Филип потом состарился и часто болел, став вечным пациентом отца. После проводки в доме начали хозяйничать плотники и паркетчики. Паркетчик Ерджо, Ерджаник, набил такой паркет, что когда случилось наводнение и вода стояла в доме дня три, ни одна паркетина не стала дыбом! А наводнение случилось из-за хрущевских построек, речку, которая текла мимо дома, умные проектировщики  направили чуть ли не к нам в подвал.

Крышу клал и стелил отменный мастер Гево, крыша у нас ни разу не протекала. Отец время от времени ездил к его матери, которая болела астмой. Приходил домой, долго мыл руки (он почти всё время мыл руки, даже после прочтения книги), сочувственно качал головой и произносил ужасное слово: «декомпенсация», я уже понимала его значение...

Особую атомосферу радости в доме создавала круглая стенная печь, обитая стальным листом, выложенная в середине дома белым кирпичом, по сегменту в каждую комнату. Топили углем, и каждый раз, греясь у печи, мои неверующие родители восторженно оглядывали высокую, почти до потолка печь и неатеистично восклицали:
- Боже, дай длинную жизнь уста Ивану, даже не дымит, какую печь нам сделал!

Не говорю о том, что несмотря на всё это, все без исключения мастера умудрялись и надуть, и обмануть, и «взгреть», нередко приходилось всё переделывать, например, высоту стен закончили на два с половиной метра, и поспешно стали собирать крышу, а надо было на три с половиной. Снова разобрали крышу, стали достраивать стены, всё равно скостив десяток сантиметров, снова ставить крышу...

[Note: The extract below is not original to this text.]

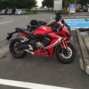 今回のショートソロツーの最後に伊佐沼沿いでCBR650Rと一枚です。
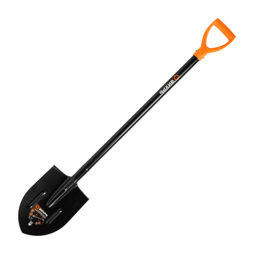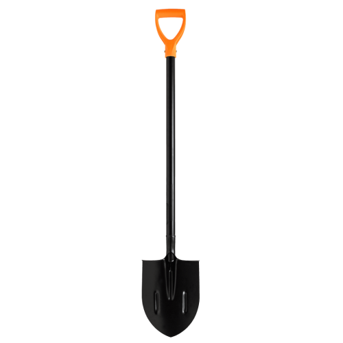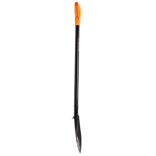Металлический черенок круглого сечения обладает высокой прочностью и надежностью, сварное соединение лопаты и лезвия делает инструмент долговечным и устойчивым к нагрузкам.

Особенно часто приходил к нам Мец ехпайр, чернорабочий, сильно контуженный на войне и так и не оправившийся. Кажется, это был профессиональный землекоп. Много месяцев копал полуподвал. Там отец потом устроил маран, где стояли бочонки с вином, кувшины с каурмой и соленьями. На полках лежали яблоки, закупленные осенью, большие бидоны с мёдом. Многочисленные банки со всевозможными компотами и консервами... Всё это было однажды залито водой, хлынувшей из котлована для фундамента соседнего здания. Больше мама в подвал даже не заглядывала, это было выше её сил...
Мы «сдались», больше не строили ничего, строили другие, и однажды мы тоже переехали в многоквартирный дом, утешая себя тем, что не будем бегать в «Горветку»  за углем, не будем вызывать пожарников, чтоб откачивали воду из подвала и  что-то новое сулил нам общий дом, полный чужих звуков и запахов... 

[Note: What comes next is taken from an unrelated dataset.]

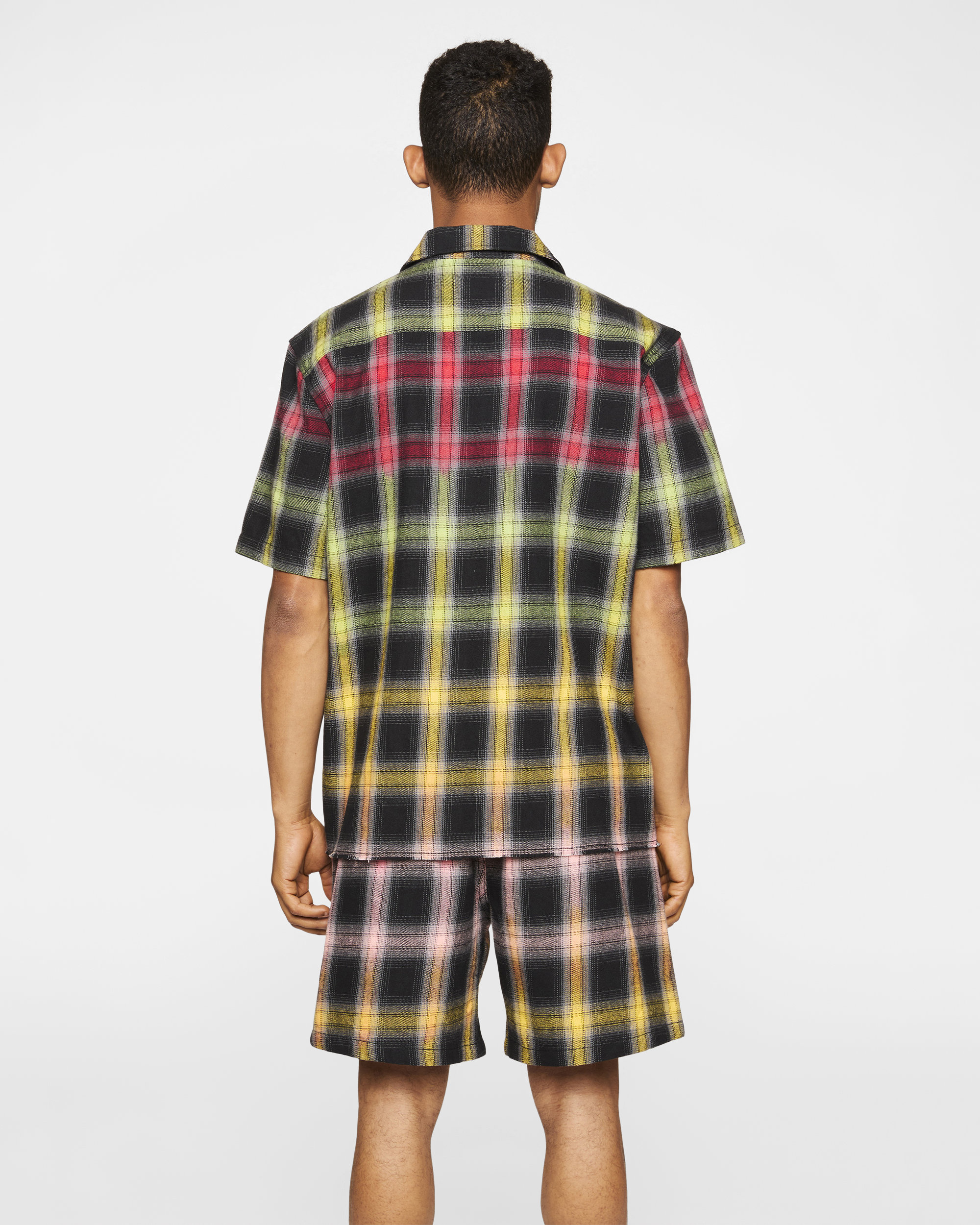 - Plaid design throughout

Ностальжировать мы стали почти сразу, когда отец закупил саженцы, рассаду цветов, рассадил со старым знакомым  землекопом Мец Ехпайром по всему двору деревья и до позднего вечера поливал со счастливым лицом, но утром, выглянув в окно,  схватился за сердце. Все саженцы и рассада были выдернуты из земли и исчезли. Отец попытался повторить посадку, но потенциальные собственники автомашин (именно потенциальные, машины были только у двоих жильцов!) настойчиво выкапывали молоденькие деревья и цветы. С верхним соседом, хорошим и довольно известным художником, они стали ночью сторожить свой сад, началась затяжная многолетняя война за сад перед многоподъездным зданием и гаражи вместо них. Войну после них продолжила моя мама, почти одинокая в этой неравной борьбе, и всё же остановила стройку гаражей перед домом. Но после смерти «садоводов»  гаражи победили, и сейчас торчат уродливыми  бесформенными коробками  перед окнами. У многих гараж и в подвале и напротив.
Больше  никого из старых мастеров мы не видели, все работы по дому давно делал мой младший брат, мастер на все руки.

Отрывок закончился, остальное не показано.